У меня до боли сжалось сердце. Чувствуя свое бессилие, я не мог стоять на одном месте. Быстро курил одну папиросу за другой, ходил взад и вперед по траншее. Красота белой ночи поблекла. Все заполнил грохочущий шум самолетов.

Прошло несколько дней. Все это время мы работали лопатами, топорами, укрепляя нашу траншею. На противоположном берегу реки Нарвы происходили мелкие стычки с разведывательными группами войск противника. Враг как бы давал нам возможность попривыкнуть к фронтовой жизни, прежде чем наброситься на нас всей своей силой.

Я внимательно присматривался к товарищам. Мы все по-разному вели себя перед боем: кто без конца проверял исправность личного оружия, кто тщательно подгонял снаряжение, кто, не переставая, курил, а некоторые спали непробудным сном.

Был среди нас студент духовной семинарии Жаворонков, кругленький, с черными усиками и жиденькой бородкой, он только и говорил о смерти. «Смерть пожирает все, что мы видим, кроме неба и земли. Человек постоянно борется со смертью, чтобы продлить свою жизнь». Но его никто из бойцов не слушал, а Жаворонков, словно помешанный, носился по траншее со своими разговорами о смерти, хотя мы еще не вступали в настоящую схватку.

На противоположном берегу Нарвы было тихо, как в первый день нашего прихода сюда.

То и дело посматривая на часы, я ждал, когда вернется со свежей почтой связной командира роты Викторов.

Вдали, за лесом, в направлении города Нарвы, будто прогремел гром. За ним последовали редкие орудийные залпы. Потом все слилось в сплошной грохот.

В траншее возле станкового пулемета стояли два незнакомых мне солдата: один — пожилой, неторопливый, другой — молодой, резкий в движениях. Он заметно нервничал.

Пожилой усмехнулся:

— Что, Гриша, страшновато?

— Еще бы, дядя Вася, впервые в жизни слышу.

— Наслушаешься, надоест…

И дядя Вася лег на бок, натянул на голову шинель и тут же захрапел.
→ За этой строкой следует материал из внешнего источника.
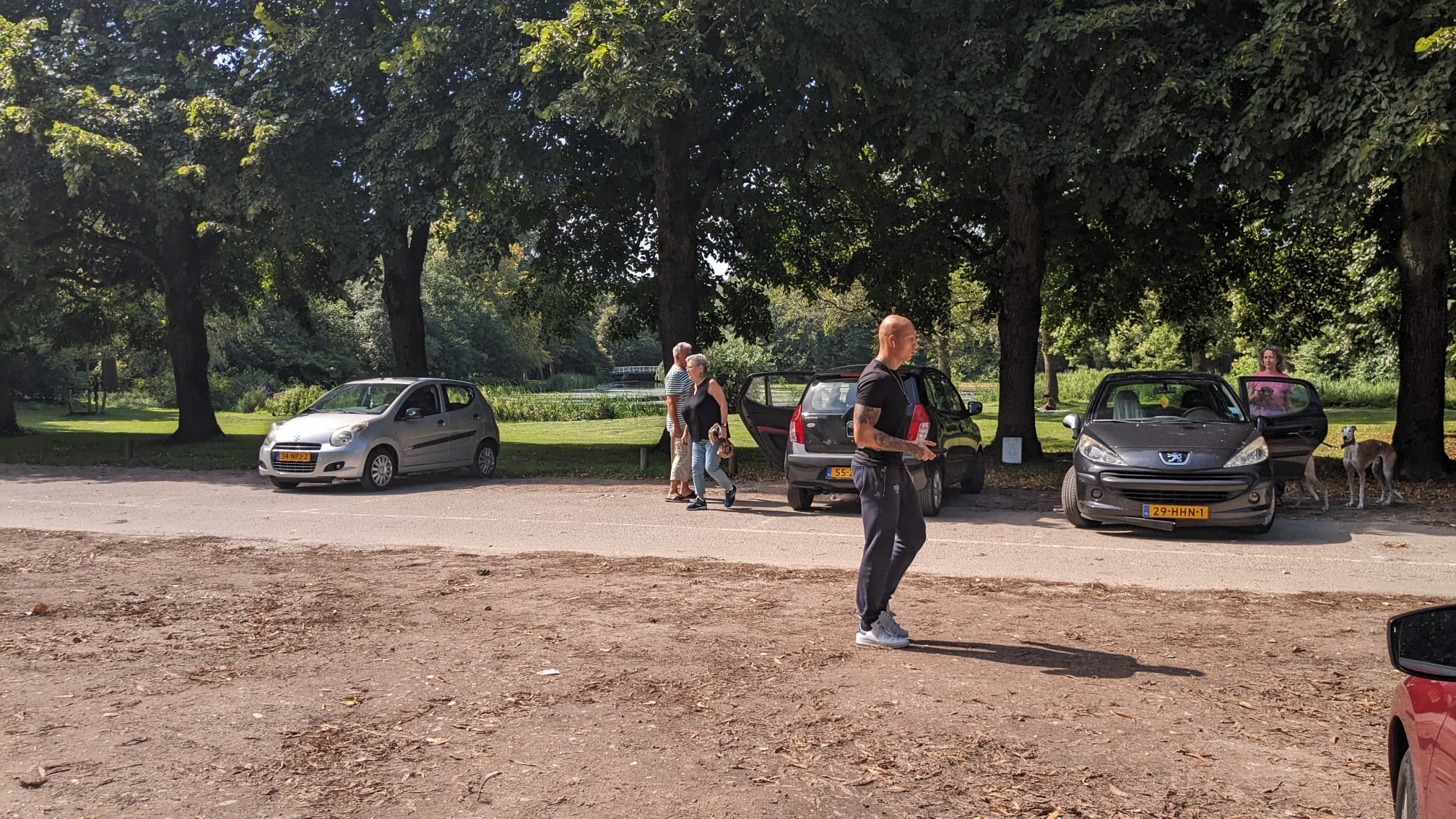 De hoge temperaturen zijn niet voor iedereen even prettig. Voor honden is het al snel te heet, legt een baasje uit. “Het wordt zo 27 graden. Dat is wel iets te warm, zeker voor hun”, zegt hij terwijl hij naar twee rennende honden wijst. “Door de warmte kunnen ze oververhit raken.” Vandaar dat de twee nu worden uitgelaten. En zelfs als het koeler is, zoeken de honden verkoeling in de wateren van het Stadspark.
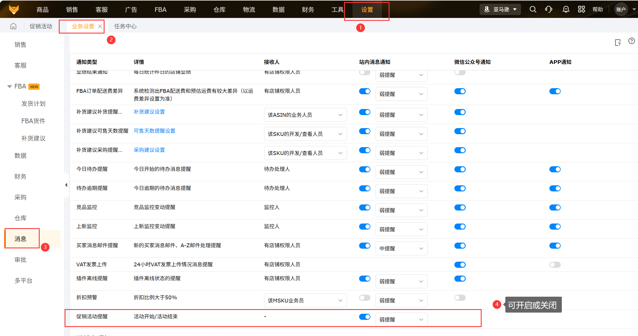 如果对应子账号不想接收消息,可以通过设置消息,找到促销活动提醒,关闭开关即可。
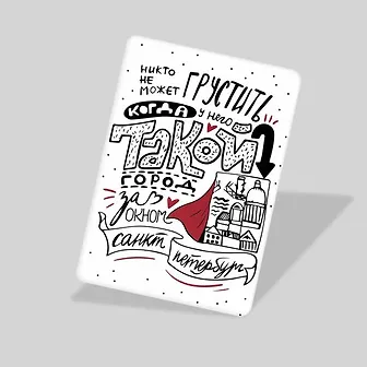 Сувенирный магнит из Санкт-Петербурга в индивидуальном прозрачном пакете от бренда «Морда Довольна»
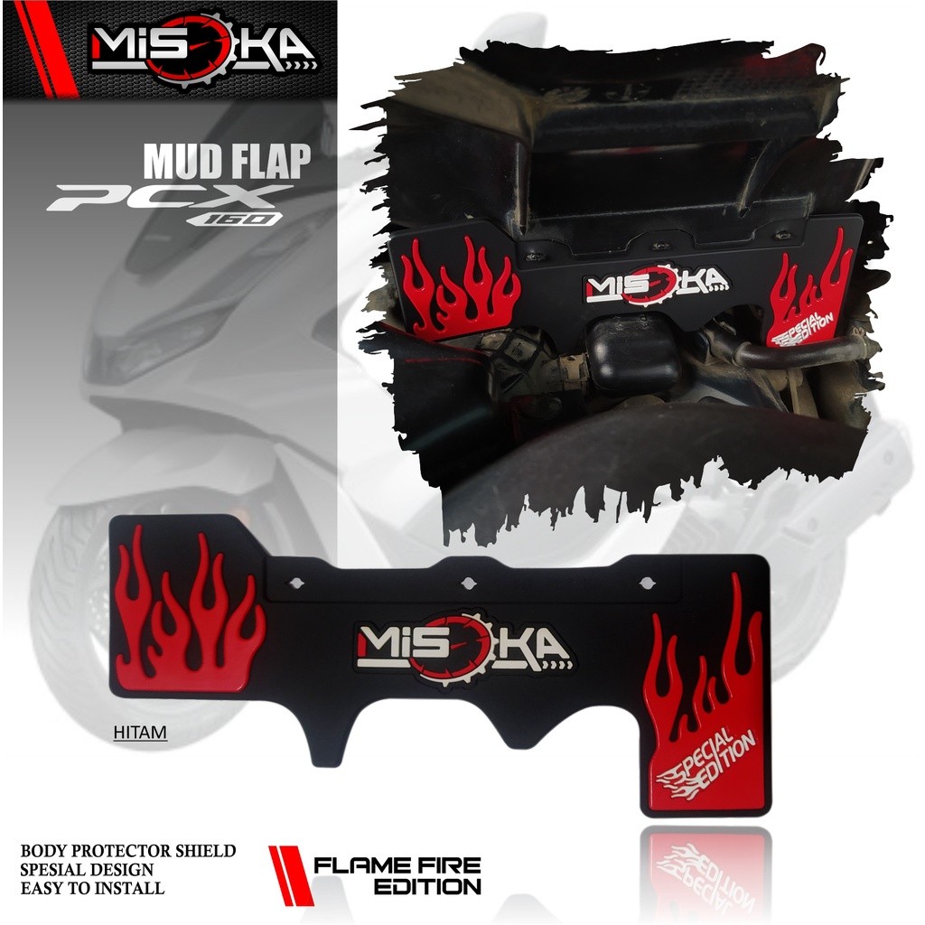 Misoka Mud Flap Pcx 160/Penahan Lumpur/Rubber Karet/Aksesoris Motor Honda murah Variasi Api
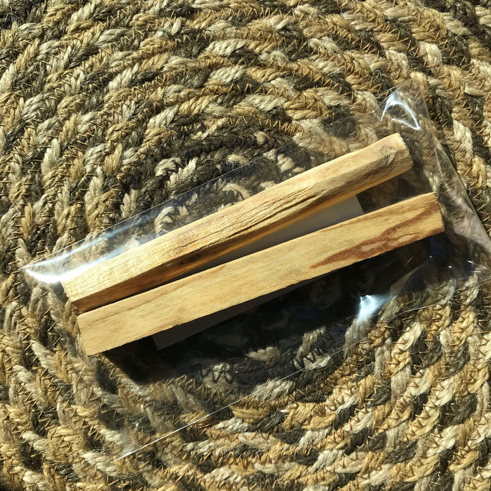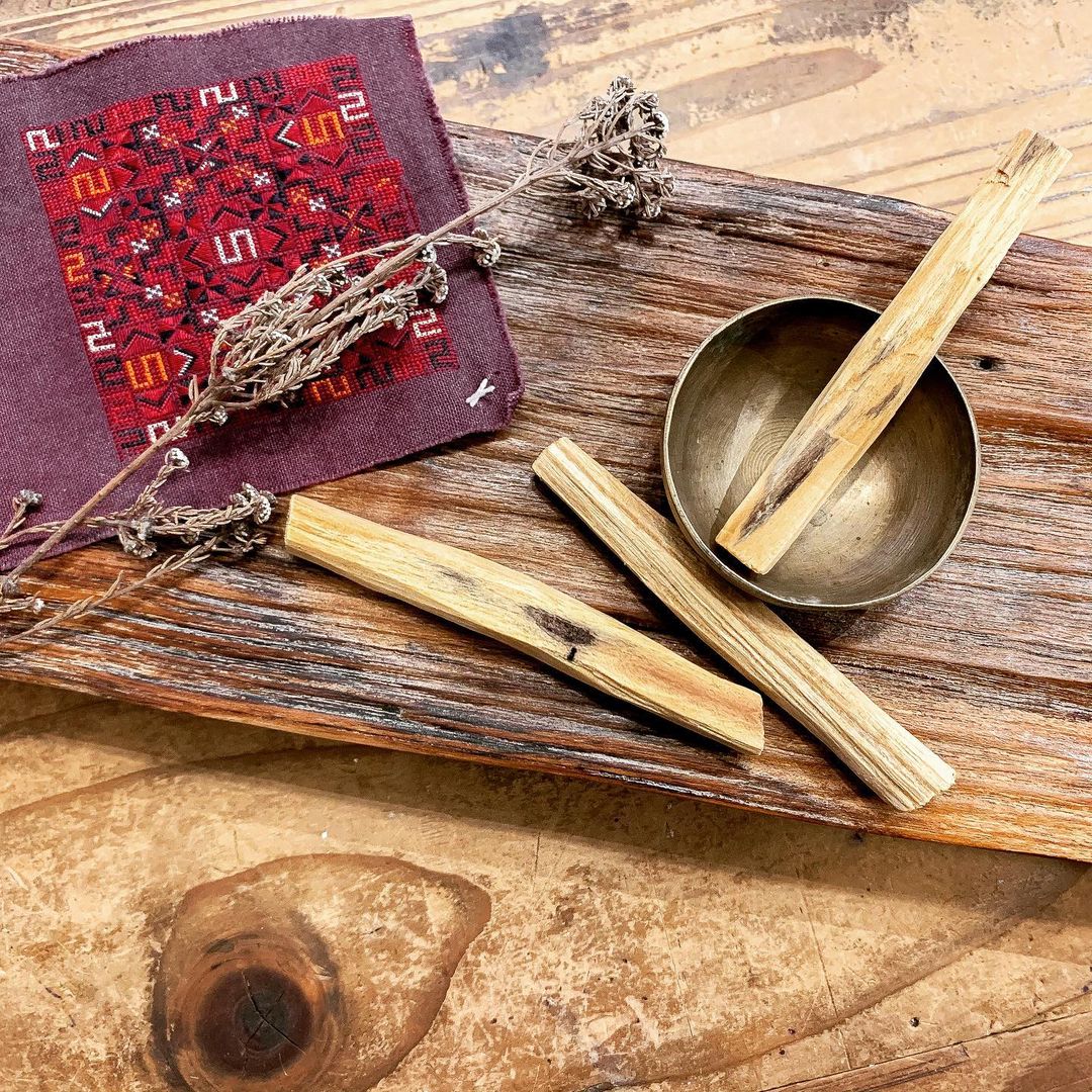 店内の匂いについて尋ねられることがありますが、 大方その正体はこちら。現地ではパロサント (神の木)と呼ばれる儀式にも使われる香木で、 このままでも香りますが、火を炊くと瞬く間に匂いが充満します。 少し立つと自然消えるるので、実際には長い間お使い頂けます。浄化作用があると言われ、安らぎや集中したい時に大推薦!当店の定番中の定番アイテムです。イメージ写真の中にある木2本がセットのパック販売。

Викторов не принес мне желанной весточки из Ленинграда. С грустью вернулся я на командный пункт роты.

Романов спал у ствола разлапистой ели. Русые пряди волос рассыпались по высокому лбу и закрыли часть смуглого лица. Новенькая защитная гимнастерка молодила его. Рядом с ним лежал политрук роты Васильев. Он не спал: при свете фонарика читал полученное от жены письмо. Я улегся рядом с ним.

До войны я часто встречался с Васильевым — мы работали с ним на одном заводе и были хорошо знакомы. Буквально за несколько дней до войны он женился. И вот сейчас, наблюдая, с какой радостью он читает и перечитывает письмо, нетрудно было понять, как тяжело переносит Васильев разлуку с женой.

Васильев, по натуре своей общительный и отзывчивый, хорошо сживался с людьми. Он быстро завоевал доверие бойцов и командиров, хотя сам был глубоко штатским человеком.

Из глубины леса послышалось:

— Стой!

Васильев резко повернулся ко мне:

— Кто кричит?

Мы насторожились, ждали — вот-вот начнётся перестрелка. Но ничего не произошло. В глуши леса стояла тишина. Вот лунный свет упал на лесную поляну, и мы увидели, как через нее проскользнули и скрылись в лесной чаще темные фигуры. Кто идет — различить было трудно. Я толкнул Романова в бок, он моментально проснулся, схватил автомат, но командир роты удержал его за руку:

— Не спеши!

Вскоре к нам подошли снайперы Сидоров и Ульянов. Они вели незнакомого человека в штатской одежде. Сидоров доложил старшему лейтенанту:

— На лесной поляне, у излучины реки, задержали двоих. Один оказал сопротивление и был убит, а этого взяли живым. Они вели передачу вот по этой рации, — и Сидоров подал небольшой металлический ящик, в котором была смонтирована рация. — Радист вызывал кого-то: «Дер Тигер».

После короткого опроса лазутчика командир роты сразу же отправился на командный пункт батальона доложить о случившемся. Он взял с собой Ульянова и меня.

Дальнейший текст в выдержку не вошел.